Sillago muktijoddhai

Scientific classification
- Kingdom: Animalia
- Phylum: Chordata
- Class: Actinopterygii
- Division: Teleostei
- Order: Acanthuriformes
- Family: Sillaginidae
- Genus: Sillago
- Species: S. muktijoddhai
- Binomial name: Sillago muktijoddhai Gao & Saha, 2022

= Sillago muktijoddhai =

- Genus: Sillago
- Species: muktijoddhai
- Authority: Gao & Saha, 2022

Species of fish

Sillago muktijoddhai is a species of marine fish belonging to the family Sillaginidae, found in the coastal waters of the Bay of Bengal in Bangladesh and India.

==Taxonomy==
Sillago muktijoddhai was described as a new species in 2022. It was previously misidentified as Sillago sihama. Morphology and DNA barcoding were used to establish that it was distinct.
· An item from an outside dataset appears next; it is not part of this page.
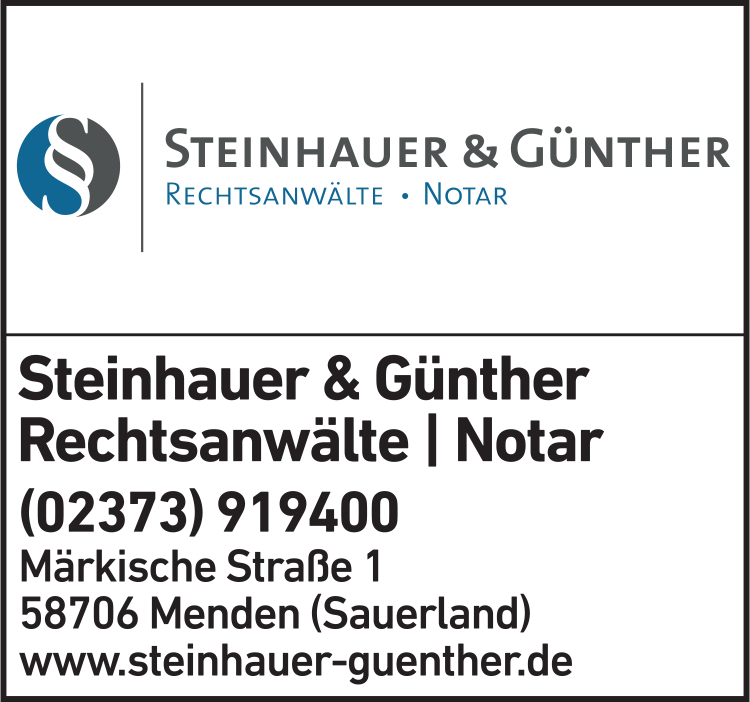 Die Adresse von Steinhauer & Günther Rechtsanwälte, Notar lautet: Märkische Str. 1, 58708 Menden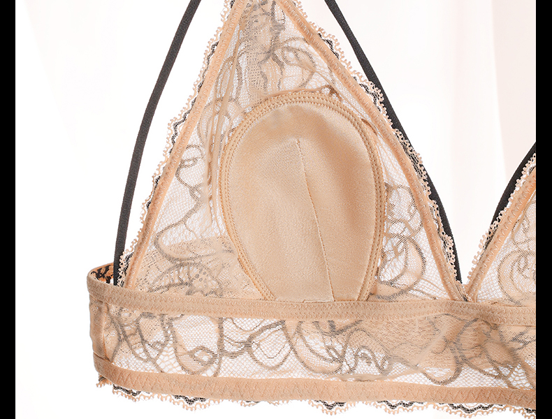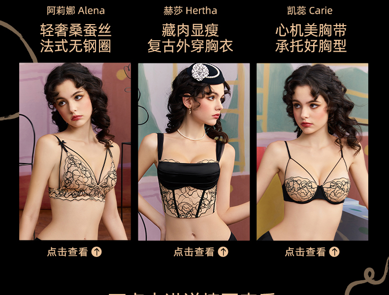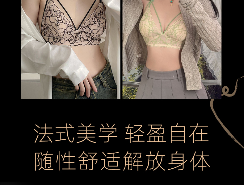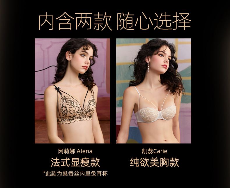 好奇蜜斯法式内衣女士蕾丝性感文胸罩套装新款薄款无钢圈三角杯黑新款-阿莉娜

The term muktijoddhai comes from the Bengali word "muktijoddha", which means the freedom fighters of 1971.

== Description ==
Sillago muktijoddhai has an elongated body and a distinctive re-entrant shape on the dorsal side. It features 11 spines in the first dorsal fin, along with one spine and 20 to 21 soft rays in the second dorsal fin. The anal fin is marked by several black dots. The fish also possesses a broad swim bladder with two anterior extensions and two posterior extensions. There are also 8 to 10 lateral processes on either side of the swim bladder, along with a lacuna at the base.